More investigation revealed that the 'umap-learn' module although appears in the 'conda list' with the name 'umap-learn' it is really named 'umap' (in the envs\py37\Lib\site-packages folder) so the import fails!

Let's retry importing with the 'umap' name.

> import("umap")
Module(umap)

[Failed] Attempt 3: Using 'umap-learn' from R (NumPy version?)

So at this point I'm finally able to import the desired module. Let's try to use it.

> redData=read.csv('http://localhost:8080/job/UTIL_CSVDATA_QUERY/39/artifact/customQuery_1548177063100.csv')
> library(flipDimensionReduction)
> tSNE_p30=flipDimensionReduction::DimensionReductionScatterplot("t-SNE", redData, data.groups = redData$LABEL, perplexity = 30, seed = 3456)
> umap_p30=flipDimensionReduction::DimensionReductionScatterplot("UMAP", redData, data.groups = redData$LABEL, perplexity = 30, seed = 3456)
Error in py_call_impl(callable, dots$args, dots$keywords) : 
  Evaluation error: Required version of NumPy not available: installation of Numpy >= 1.6 not found.

As of this writing NumPy is at version 1.15.4 and I have the most recent version.
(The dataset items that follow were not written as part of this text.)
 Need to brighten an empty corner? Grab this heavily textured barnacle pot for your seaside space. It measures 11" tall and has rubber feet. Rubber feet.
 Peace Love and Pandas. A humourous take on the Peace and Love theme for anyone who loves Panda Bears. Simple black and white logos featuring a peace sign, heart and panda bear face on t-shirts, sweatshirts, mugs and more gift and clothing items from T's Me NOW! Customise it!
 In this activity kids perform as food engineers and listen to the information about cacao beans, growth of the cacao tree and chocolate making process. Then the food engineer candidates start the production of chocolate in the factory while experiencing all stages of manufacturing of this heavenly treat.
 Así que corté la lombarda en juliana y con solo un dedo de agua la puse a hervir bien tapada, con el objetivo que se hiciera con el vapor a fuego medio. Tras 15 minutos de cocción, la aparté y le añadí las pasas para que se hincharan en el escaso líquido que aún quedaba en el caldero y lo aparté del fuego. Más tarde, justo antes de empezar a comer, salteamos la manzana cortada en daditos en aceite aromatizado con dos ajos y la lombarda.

What is this?
Well, after some more investigation and assistance from StackOverflow this is another unresolved issue with 'reticulate' [8]
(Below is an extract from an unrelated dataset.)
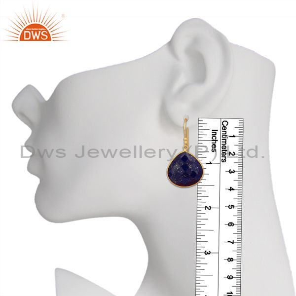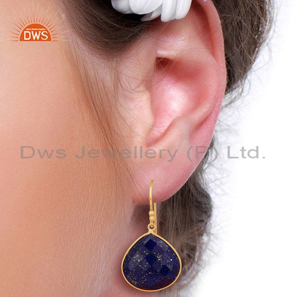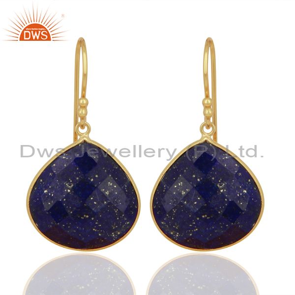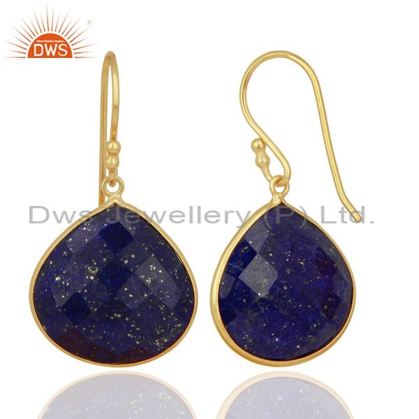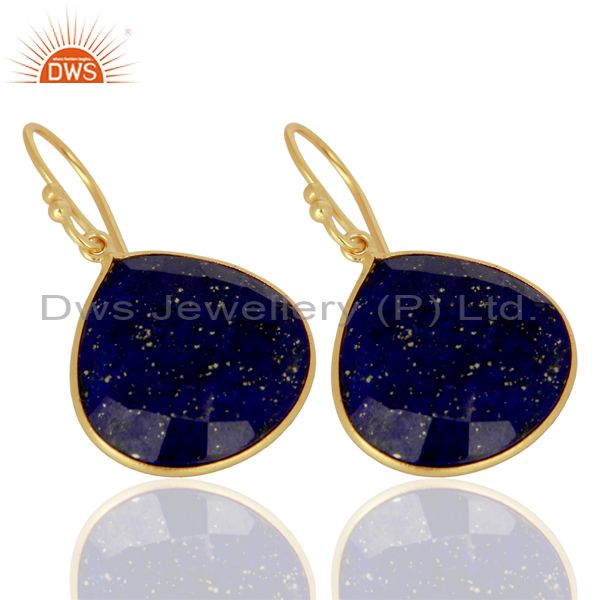 18K Yellow Gold Plated Sterling Silver Lapis Lazuli Gemstone Bezel Set Earrings

The suggestion was to downgrade the version of 'numPy' but this did not work for me. What worked was the suggestion from gitHub: https://github.com/rstudio/reticulate/issues/367

The suggested solution is to add the Anaconda `libraries\bin` directory to the path prior to initializing Python.
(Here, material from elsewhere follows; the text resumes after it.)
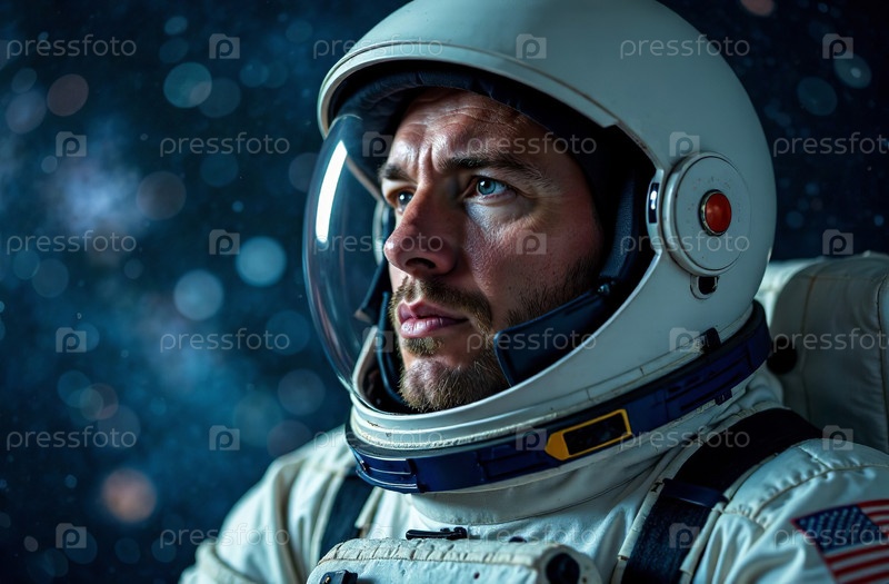 Портрет мужчины-астронавта в шлеме скафандра на фоне космоса. Генеративный искусственный интеллект

[Success] Attempt 4: Initializing Python with path to libraries


#now some environment hacks to get around known issues with 'reticulate'
# see https://github.com/rstudio/reticulate/issues/367
> Sys.setenv(PATH= paste("D:/DEVTOOLS/Anaconda2/envs/py37/Library/bin",Sys.getenv()["PATH"],sep=";"))
> library(reticulate)
> import("umap")
Module(umap)
> py_config()
python:         D:\DEVTOOLS\Anaconda2\envs\py37\python.exe
libpython:      D:/DEVTOOLS/Anaconda2/envs/py37/python37.dll
pythonhome:     D:\DEVTOOLS\ANACON~1\envs\py37
version:        3.7.1 (default, Dec 10 2018, 22:54:23) [MSC v.1915 64 bit (AMD64)]
Architecture:   64bit
numpy:          D:\DEVTOOLS\ANACON~1\envs\py37\lib\site-packages\numpy
numpy_version:  1.15.1
umap:           D:\DEVTOOLS\ANACON~1\envs\py37\lib\site-packages\umap\__init__.p

NOTE: Python version was forced by RETICULATE_PYTHON

> library(flipDimensionReduction)

> redData= read.csv('http://localhost:8080/job/UTIL_CSVDATA_QUERY/39/artifact/customQuery_1548177063100.csv')   
> tSNE_p30=flipDimensionReduction::DimensionReductionScatterplot("t-SNE", redData, data.groups = redData$LABEL, perplexity = 30, seed = 3456)  

> ##To use the UMAP algorithm simply replace 't-SNE' with 'UMAP'  
> umap_p30=flipDimensionReduction::DimensionReductionScatterplot("UMAP", redData, data.groups = redData$LABEL, perplexity = 30, seed = 3456)  
> umap_p30
This last command uses the print function of the umap_p30 object to create an interactive UMAP web-page.

UMAP Interactive

'Out of the snake pit' What have I learned?

So, finally I have the reduction algorithm running in R with the UMAP option. And yes, it uses the 'reticulate' package to import the latest version of Python and its installed modules.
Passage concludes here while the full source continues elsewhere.